General feedback: If you have questions about any aspect of this book, mention the book title in the subject of your message and email us at customercare@packtpub.com.
Errata: Although we have taken every care to ensure the accuracy of our content, mistakes do happen. If you have found a mistake in this book, we would be grateful if you would report this to us. Please visit www.packtpub.com/support/errata, selecting your book, clicking on the Errata Submission Form link, and entering the details.
Piracy: If you come across any illegal copies of our works in any form on the internet, we would be grateful if you would provide us with the location address or website name. Please contact us at copyright@packt.com with a link to the material.
If you are interested in becoming an author: If there is a topic that you have expertise in and you are interested in either writing or contributing to a book, please visit authors.packtpub.com.
Share Your Thoughts
Once you've read Elasticsearch 8.x Cookbook, we'd love to hear your thoughts! Please click here to go straight to the Amazon review page for this book and share your feedback.
Your review is important to us and the tech community and will help us make sure we're delivering excellent quality content.
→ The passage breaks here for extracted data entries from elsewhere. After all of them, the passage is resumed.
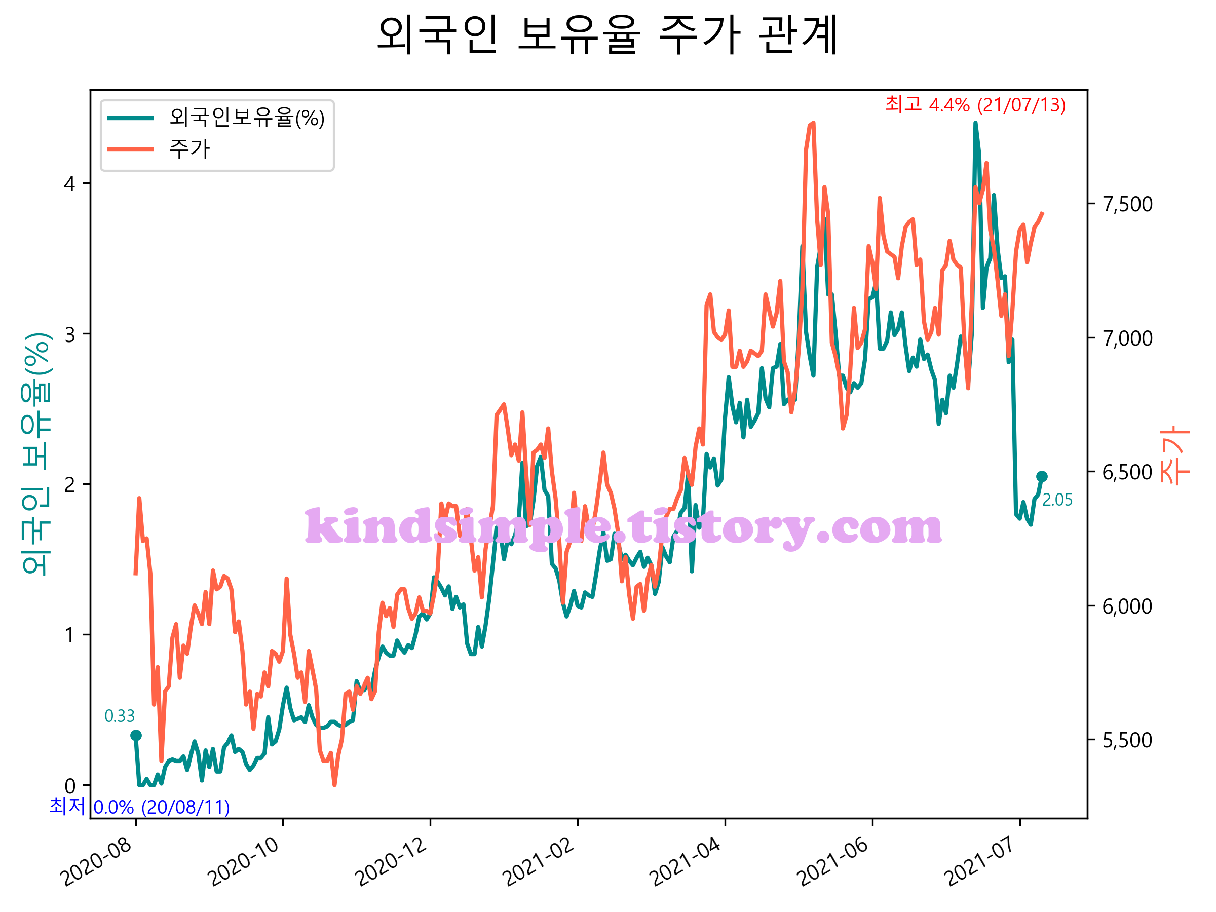 최근 1년간 외국인 보유율 및 주가와의 관계입니다.
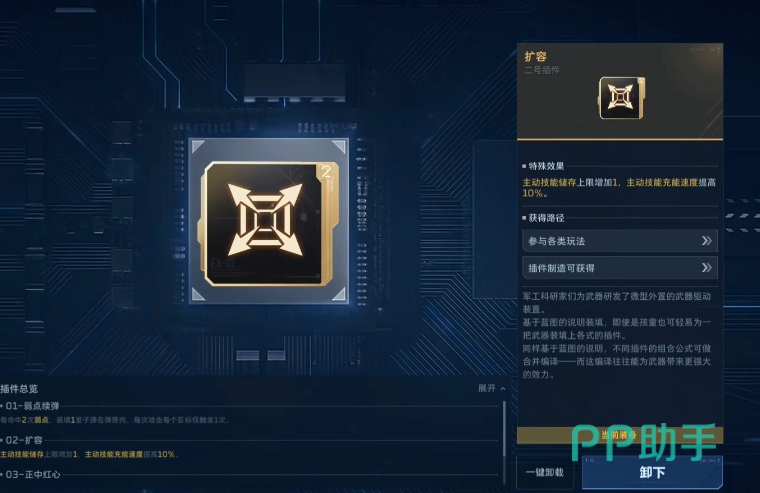 第二插件需按战术定位二选一:若追求高频技能循环与瞬时压制力,推荐【多重激返】,可大幅缩短主动技能冷却;若侧重容错率与节奏掌控,则选择【扩容】,实现主动技能储存量翻倍(达2次),便于在关键节点灵活释放,提升BOSS战与复杂地形下的操作自由度。
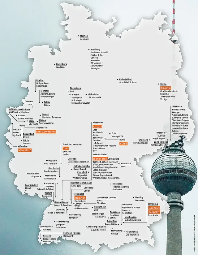 Aktuell zählen wir in Deutschland über 80 Uhrenhersteller – eine respektable Zahl, die Deutschland durchaus als wichtiges Uhrenland etabliert. Die deutschen Hersteller besetzen zahlreiche Gebiete der Uhrmacherei und schöpfen dabei aus jahrhundertealter Erfahrung ebenso wie aus moderner Ingenieurskunst, für die Deutschland Weltruhm genießt. Glashütte ist dabei das Zentrum der deutschen Uhrmacherkunst, aber auch in vielen anderen Regionen des Landes werden hochwertige Zeitmesser gefertigt. Wo genau, das sehen Sie in unserer Deutschlandkarte.

Chapter 1: Getting Started
In this chapter, we will start using Elasticsearch by downloading the correct version for our operating system, configuring it to perform at its best, and extending it via plugins. By the end of the chapter, we will see how to set it up on Docker, and in a cluster using Elastic Cloud Enterprise (Docker/Kubernetes).
We will cover the following recipes:
Downloading and installing Elasticsearch
Setting up networking
Setting up a node
Setting up Linux systems
Setting up different node roles
Setting up a coordinating-only node
Setting up an ingestion node
Installing plugins in Elasticsearch
Removing a plugin
Changing logging settings
Setting up a node via Docker
Deploying on Elastic Cloud Enterprise
Technical requirements
Elasticsearch runs on Linux/macOS/Windows, and a browser to access Kibana.
All the examples and code in this book are available at https://github.com/PacktPublishing/Elasticsearch-8.x-Cookbook.
If you don't want to go into the details of installing and configuring your Elasticsearch instance, and instead want to quickly set up your environment for developing or fun purposes, you can skip and go straight to the Setting up a node via Docker recipe to fire it up via Docker Compose. This will quickly help you install an Elasticsearch instance with Kibana and other tools.
Downloading and installing Elasticsearch
Elasticsearch has an active community, and the release cycles are very fast; generally, new minor releases are available every 2 or 3 weeks.
Since Elasticsearch depends on many common Java libraries (Lucene, Guice, and Jackson are the most famous ones), the Elasticsearch community tries to keep them updated and fix bugs that are discovered in them and in the Elasticsearch core.
The large user base is also a source of new ideas and features for improving Elasticsearch use cases.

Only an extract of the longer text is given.